While the aforementioned groups emerged as the leading parties in the legislative elections, neither could qualify to nominate a candidate for the presidential elections on their own. Therefore, in order to nominate a candidate, the parties had to secure coalitions with other parties in the DPR to propose a presidential candidate for direct presidential elections – that Indonesia has been following since 2004. According to the laws governing the Presidential elections, a political party must officially secure a minimum of 25 per cent of the popular vote or 20 per cent of seats in the Dewan Perwakilan Rakyat (DPR), the lower house of the parliament, to be eligible to nominate a presidential candidate.

Following the legislative elections in April 2014, the need for coalitions to secure the necessary percentage of seats and votes prompted Jokowi to request the former Vice President of Indonesia, Jusuf Kalla, to be his running mate. This combination was critical to Jokowi’s victory because Kalla is a former Chairman of the Golkar party that came in second in the legislative election.

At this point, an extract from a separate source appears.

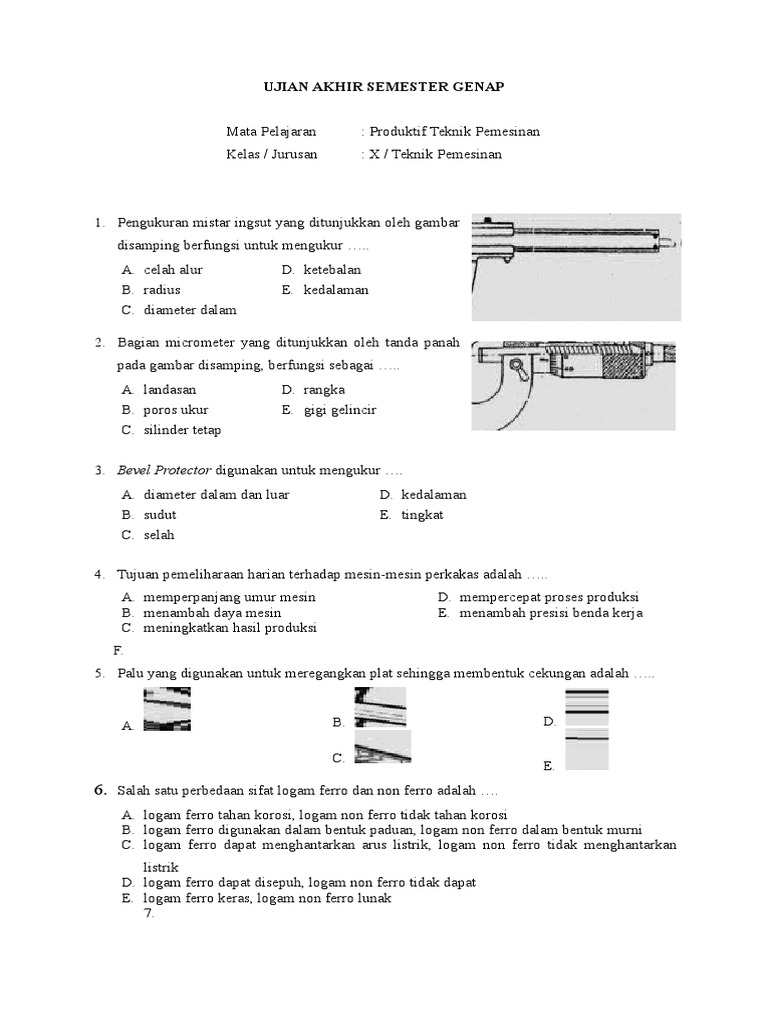 Soal Alat Ukur Mekanik Presisi TPM X - [DOC Document]
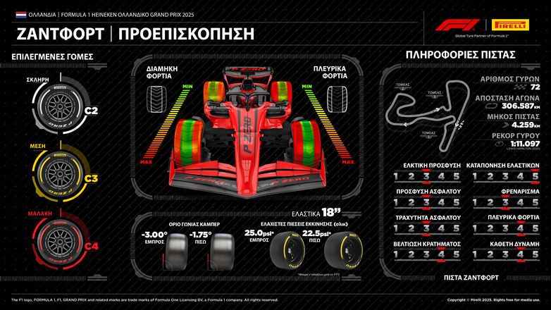 Για τον αγώνα στην Ολλανδία, η Pirelli επέλεξε μια πιο μαλακή γκάμα γομών σε σχέση με πέρυσι. Οι ομάδες θα έχουν στη διάθεσή τους την C2 ως σκληρή γόμα, την C3 ως μέση γόμα και την C4 ως μαλακή γόμα, ενώ το 2024 οι διαθέσιμες γόμες ήταν η C1, η C2 και η C3.

The tie-up with Kalla was potentially the trump card for Jokowi as this was seen as a critical factor in splitting the Golkar votes – given Kalla’s considerable influence among supporters.  Interestingly Aburizal Bakrie, the current Chairman of the Golkar, had, during one of the Party’s national meetings, stated that that the party actually backed the combination of Prabowo Subianto and his running mate, Hatta Rajasa. In fact, a split in the Golkar was a clear sign that Prabowo Subianto may not be acceptable to many due to his views on Indonesian nationalism and the human rights violations that he has been associated with under the Suharto regime.

In the finally tally, the Jokowi-Kalla combination won 53.16 per cent of the votes while the Prabowo-Rajasa combination won 46.48  per cent of the votes in what emerged as the most closely contested elections since Indonesia’s transition. With the victory of the Jokowi-Kalla group, Golkar may throw its full weight behind the new team, wanting to be on the right side of the political fault-line.

Of the electoral promises Jokowi made, the creation of ten million new jobs and continued economic reforms are the most significant challenges. Jusuf Kalla brings with him the experience in economic reforms, which also needs to translate into the much promised subsidies to assist in poverty alleviation. Agrarian land reforms need to be addressed, as does the crucial question of environmental conservation policies – that have to be implemented to counter detrimental effects of deforestation Indonesia has been facing. Rampant corruption and nepotism are critical factors that undermine the democratic consolidation in Indonesia. These are also crucial challenges which the new president and his team will have to tackle.